Directed by Robert Voskanian
Something Weird DVD
Foggy sets, a creepy old house, ghoulish zombies, and some outrageous gore. The Child has a lot going for it. In fact, I’d almost classify it as an unknown 70s horror classic. Almost.
It’s very rare that a film from the Something Weird library stands up as a legitimate horror film, which is why The Child threw me for a loop. For the most part, it was a pleasant and effective surprise, and even a little scary. The film is thick with atmosphere, jump-scares, and zombie make-up that’s actually frightening. Many of the shots are well composed and appropriate. Things get a bit talky at times, but that doesn’t really take away from the overall experience. So why can’t I deem The Child an above-the-boards 1970s masterpiece? The answer is simple — atrociously post-dubbed dialogue.
Rosalie is a young girl that lives with her father and brother in a dilapidated old mansion next to a cemetery. Alicianne is hired as a nanny for Rosalie, as the girl’s mother has died under mysterious circumstances. Rosalie is a bit eccentric, as she visits the cemetery during the night and feeds cats to zombies. She also causes objects move with her thoughts, jack o’lanterns to turn around in place, and scarecrows to come to life. Despite the family’s “don’t ask, don’t tell” policy with Rosalie, Alicianne begins to have suspicions as gory murders ensue around Halloween. It all leads up to a zombified showdown.

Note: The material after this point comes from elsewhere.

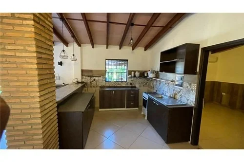 CASA DE VERANO EN BARRIO CERRADO MIRALAGO ????☀️ Hermosa casa de verano estilo rústico, ubicada en el exclusivo barrio cerrado Miralago, rodeada de naturaleza, con seguridad y un entorno súper familiar. Situada sobre la avenida principal, en zona elevada, con vista al este y amaneceres increíbles. ✨ Características destacadas: ???? 95 m² construidos – todo en planta baja ????️ 3 dormitorios (1 en suite) con aire acondicionado ????️ Living y comedor amoblados ???? Cocina equipada con desayunador de granito ???? Baño social + depósito ???? Cerramientos blindex ???? Quincho semi cubierto (50 m²): Cocina equipada Mesa de madera para 16 personas Baño social ???? Piscina de 60.000 litros Cascada, motor y filtros Deck con reposeras y sombrilla de paja ???? Terreno total: 1.379 m² (2 lotes) ???? Estacionamiento semi cubierto para 4 vehículos con portón eléctrico ???? Fibra óptica ???? Cámaras de seguridad internas y externas ???? Expensas: 500.000 gs/mes ???? Agua del barrio: 50.000 gs/mes ???? Condiciones: Escrituración a cargo del comprador Seña del 20% ✨ Ideal para disfrutar en familia, descansar y crear recuerdos inolvidables en un entorno natural y seguro

Inept movies that you watch for laughs just don’t mix with genuinely scary films, at least not at the same time. That’s where the problem lies in The Child. One minute you’ll jump out of your pants at that zombie around the corner, the next you’ll be spitting out your food from laughing at Rosalie’s ridiculously awful voice. It all kind of cancels itself out. In the end, that’s not such a bad thing, but you’re left with a satisfying low-budget horror movie that could have been a lot more.
AUDIO AND VIDEO
The Child is presented full frame and looks decent for the most part. The colors on the print are nice, subdued 70s hues, and the picture itself is quite crisp. On the downside, there are quite a few scratches present throughout the film. The mono audio is nice and clear.
Depending on your tastes, you may or may not be totally into the extras offered up here. There are quite a few, though.
We’ll begin with the 79-minute Del Tenney film I Eat Your Skin, which concerns the exploits of a millionaire playboy novelist on Voodoo Island. Shot on location in Miami, this one features googly-eyed and pasty-faced zombies, voodoo rituals, some goofy violence, and shitloads of talk. The whole thing was pretty boring and uninteresting and didn’t do much for me. On the plus side, SWV’s print looks miles ahead of any other DVD I’ve seen of this public domain film, so if you’re a fan, this is the one to have.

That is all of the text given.